┌─ Listed records

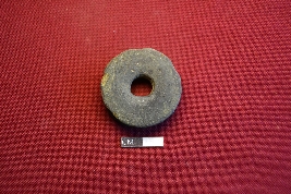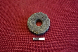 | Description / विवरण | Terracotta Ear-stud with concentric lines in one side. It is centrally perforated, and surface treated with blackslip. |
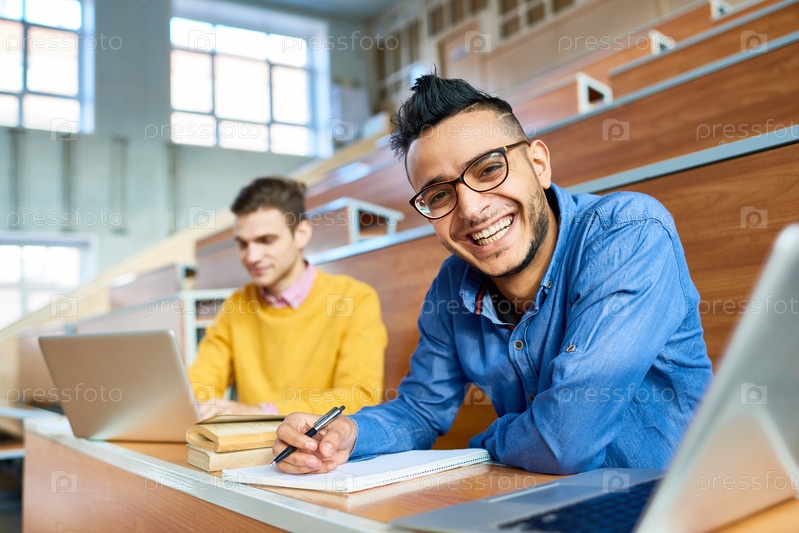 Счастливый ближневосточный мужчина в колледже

└─
┌─ Listed records

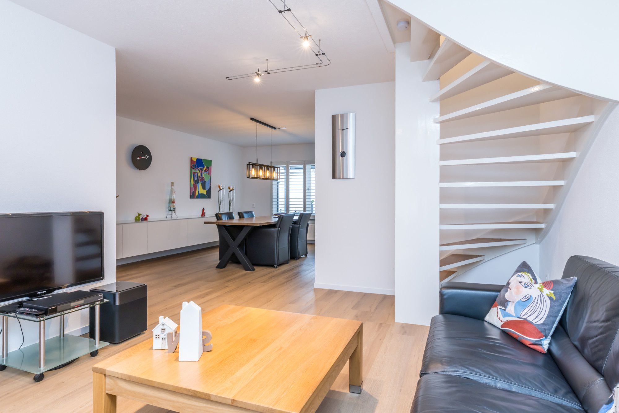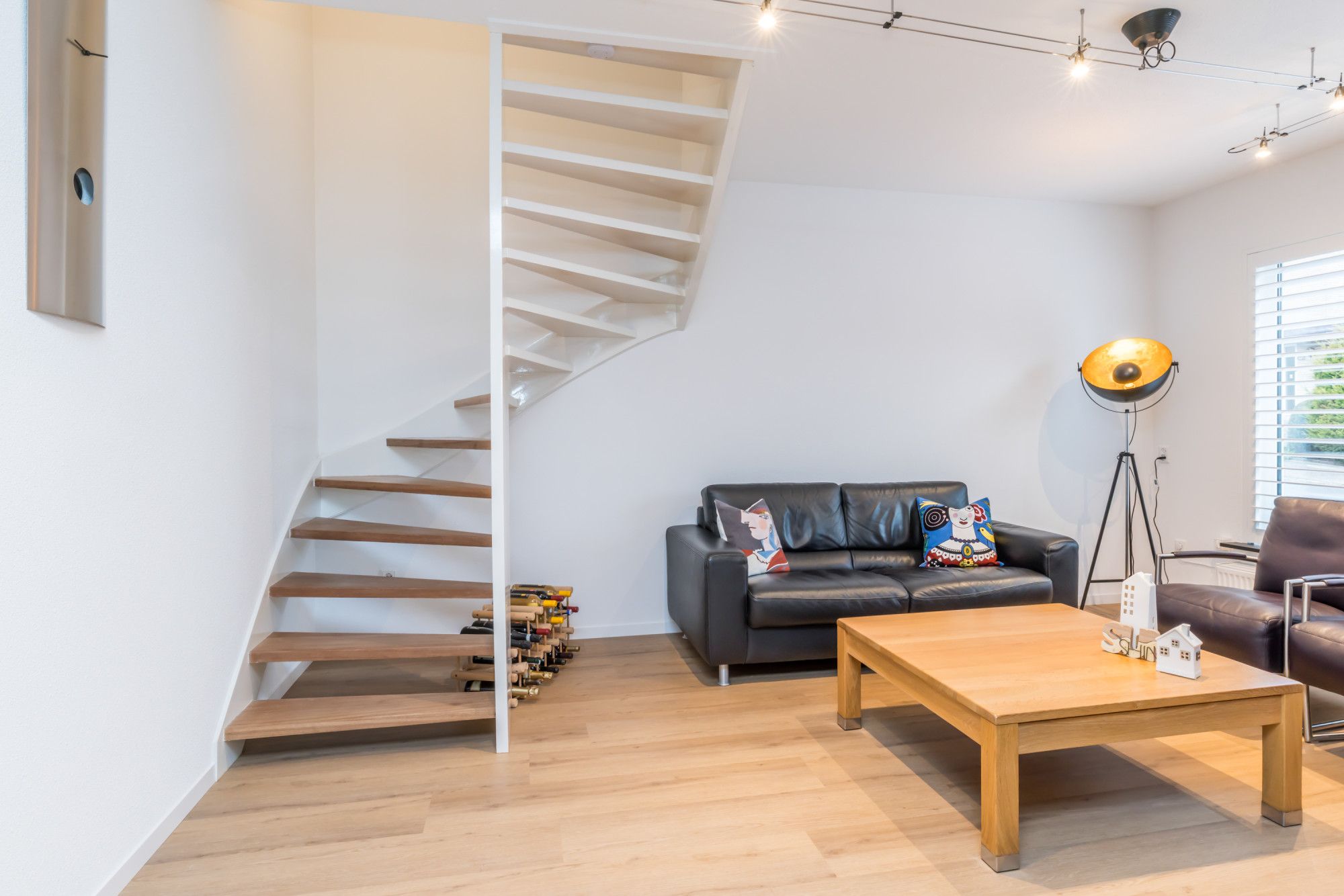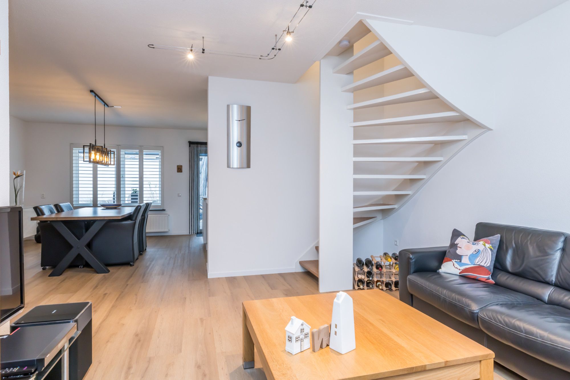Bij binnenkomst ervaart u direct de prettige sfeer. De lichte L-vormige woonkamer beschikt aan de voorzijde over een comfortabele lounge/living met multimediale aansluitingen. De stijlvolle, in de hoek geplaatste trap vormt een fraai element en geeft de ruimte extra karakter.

└─

Problem to solve:
Set down, exactly as written above, each line from the one with "with blackslip. |" through the one with "Счастливый ближневосточный мужчина", and skip the pictures.

Written answer:
 | Description / विवरण | Terracotta Ear-stud with concentric lines in one side. It is centrally perforated, and surface treated with blackslip. |
 Счастливый ближневосточный мужчина в колледже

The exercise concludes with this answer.